Su filindeu, su pane, su carasau, su casu_di PJ Gambioli

SU FILINDEU è un’antica pasta barbaricina, che si realizza esclusivamente a mano. Sono pochissime le artigiane che lo producono. Fra tutte vi è Paola Abraini, nuorese, protagonista del documentario, che ha ereditato l’arte da sua suocera. Da trent’anni Paola prepara questa splendida pasta che può essere degustata due volte l’anno, sotto forma di minestra: “Su filindeu”, appunto, offerta ai pellegrini durante la festa campestre di S. Francesco Lula, come piatto rituale ed augurale.

Proprio per la rarità dell’argomento trattato, questo documentario è quello che fra tutti colpisce di più.

La traduzione del termine Su filindeu, è FILI DI DIO, in quanto il suo originale aspetto, è paragonabile ad una fitta ragnatela di pasta, che viene tesa e tirata più volte fino a farle assumere la forma di un’insieme di sottilissimi fili.

I fili realizzati con pasta di semola di grano duro, vengono deposti su dei pannelli circolari, e al termine del lavoro formano un originale reticolato che dovrà essiccarsi al sole per il raggiungimento di una consistenza adatta alla conservazione. Vengono infine tagliati a tocchetti, e cucinati in brodo di pecora e formaggio fresco. Una minestra dal gusto esaltante!

SU PANE CARASAU è un pane tipico dei paesi dell’entroterra sardo. La sua lavorazione tradizionale ha qualcosa di magico. Le donne benedicono la pasta ed iniziano a lavorarla, trasformandola in palline grandi quanto il palmo delle loro mani. Vengono poi stese con l’ausilio di un mattarello, fino a trasformarle in sfoglie. Nel frattempo il forno a legna ha raggiunto la temperatura ideale. Le sfoglie vengono poste dentro il forno, e con il calore levitano trasformandosi in giganteschi palloni candidi. Questi vengono aperti con delle forbici o dei coltelli. A quel punto si ottengono due sfoglie di “pane lentu”, morbido, fragrante, saporito.

Questo pane, viene infornato una seconda volta per essere tostato, trasformato quindi in Pane Carasau. Può essere degustato per accompagnare altri piatti, oppure condito con dell’olio extravergine d’oliva e un po’ di sale secondo la ricetta de “su pane guttiau”, oppure degustato come piatto unico cucinato con brodo di pecora, sugo, e uova “pane frattau”.

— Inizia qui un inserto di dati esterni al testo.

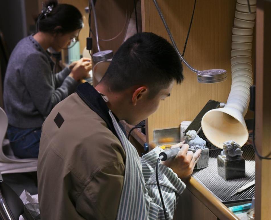 3月6日,在福建省工艺美术大楼寿山石雕刻工作间,两名青年雕刻师在雕刻寿山石。
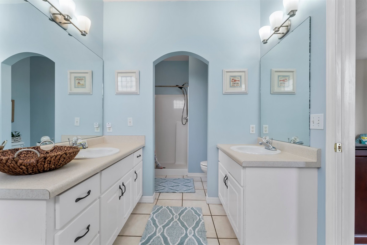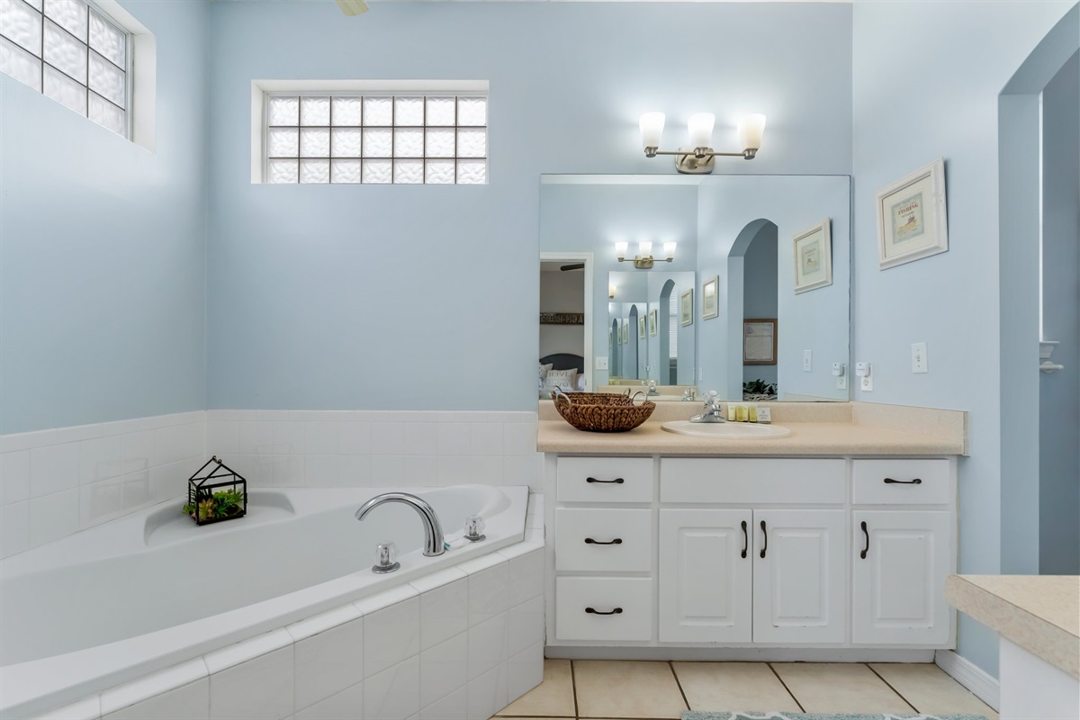 Primary Bedroom with King bed and ensuite bathroom (tub, shower, double vanities with sinks, toilet)

Il pane carasau ha una caratteristica molto importante, mantiene la conservazione e la fragranza per lunghissimi periodi di tempo. Per questa ragione era un pane adatto alla vita dei pastori, che dovevano assentarsi da casa per lunghi periodi di tempo, specie durante la transumanza del bestiame e l’attività impegnativa negli ovili di montagna.

SU CASU, in particolare il pecorino, è uno dei miei piatti preferiti. Il pastore si reca molto presto a mungere le pecore, il latte candido viene trasportato dentro contenitori di latta (sa lamitta) e poi versato nell’apposito recipiente (su lapiolu). A fuoco vivo, il latte raggiungerà la giusta temperatura. Aggiungendo il caglio, il latte inizierà a raddensarsi, fino ad ottenere una certa consistenza. Il pastore lo lavorerà con le mani, dandogli forma. Sarà pressato e sgocciolato, riposto negli appositi recipienti forati, che consentiranno a questa candida pasta fresca, di trasformarsi in cilindri di vario peso e misura. In seguito sarà sottoposta alla fase della salatura e della stagionatura.

Nel documentario, il pastore di Nule ci mostrerà anche come si realizza la ricotta e la panna. Sembra superfluo dirvi come l’esaltazione del gusto nasca proprio attraverso la procedura artigianale di una delle arti più antiche e rappresentative della Sardegna.